**To do:** Where an entry holds an image, leave the image out; otherwise reproduce the entry exactly.

*** Opening Records for processing ***

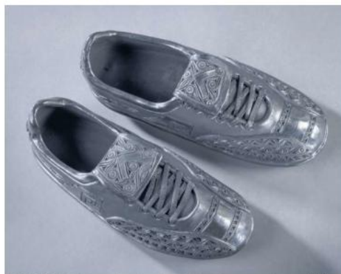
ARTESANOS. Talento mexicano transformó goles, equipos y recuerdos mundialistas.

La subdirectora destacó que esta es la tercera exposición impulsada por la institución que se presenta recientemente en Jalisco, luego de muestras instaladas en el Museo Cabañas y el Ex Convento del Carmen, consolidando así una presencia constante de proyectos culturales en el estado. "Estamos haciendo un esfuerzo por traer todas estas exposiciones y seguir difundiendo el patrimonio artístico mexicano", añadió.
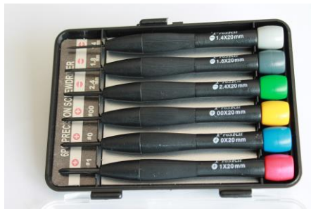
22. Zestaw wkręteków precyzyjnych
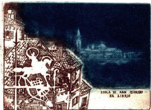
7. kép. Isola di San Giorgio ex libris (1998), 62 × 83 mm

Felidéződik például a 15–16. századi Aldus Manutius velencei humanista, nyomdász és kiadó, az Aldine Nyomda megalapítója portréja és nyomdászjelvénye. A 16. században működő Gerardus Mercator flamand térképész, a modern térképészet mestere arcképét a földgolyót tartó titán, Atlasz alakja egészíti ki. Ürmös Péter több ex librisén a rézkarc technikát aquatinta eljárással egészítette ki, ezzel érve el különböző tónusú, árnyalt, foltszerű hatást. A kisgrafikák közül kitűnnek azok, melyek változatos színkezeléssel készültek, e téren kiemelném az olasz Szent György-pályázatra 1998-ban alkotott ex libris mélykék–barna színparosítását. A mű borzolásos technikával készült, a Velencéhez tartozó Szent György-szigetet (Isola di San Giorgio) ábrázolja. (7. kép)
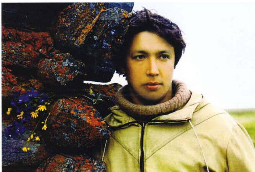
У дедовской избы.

*** Closing Records for processing ***

**Answer box:**
ARTESANOS. Talento mexicano transformó goles, equipos y recuerdos mundialistas.

La subdirectora destacó que esta es la tercera exposición impulsada por la institución que se presenta recientemente en Jalisco, luego de muestras instaladas en el Museo Cabañas y el Ex Convento del Carmen, consolidando así una presencia constante de proyectos culturales en el estado. "Estamos haciendo un esfuerzo por traer todas estas exposiciones y seguir difundiendo el patrimonio artístico mexicano", añadió.
22. Zestaw wkręteków precyzyjnych
7. kép. Isola di San Giorgio ex libris (1998), 62 × 83 mm

Felidéződik például a 15–16. századi Aldus Manutius velencei humanista, nyomdász és kiadó, az Aldine Nyomda megalapítója portréja és nyomdászjelvénye. A 16. században működő Gerardus Mercator flamand térképész, a modern térképészet mestere arcképét a földgolyót tartó titán, Atlasz alakja egészíti ki. Ürmös Péter több ex librisén a rézkarc technikát aquatinta eljárással egészítette ki, ezzel érve el különböző tónusú, árnyalt, foltszerű hatást. A kisgrafikák közül kitűnnek azok, melyek változatos színkezeléssel készültek, e téren kiemelném az olasz Szent György-pályázatra 1998-ban alkotott ex libris mélykék–barna színparosítását. A mű borzolásos technikával készült, a Velencéhez tartozó Szent György-szigetet (Isola di San Giorgio) ábrázolja. (7. kép)
У дедовской избы.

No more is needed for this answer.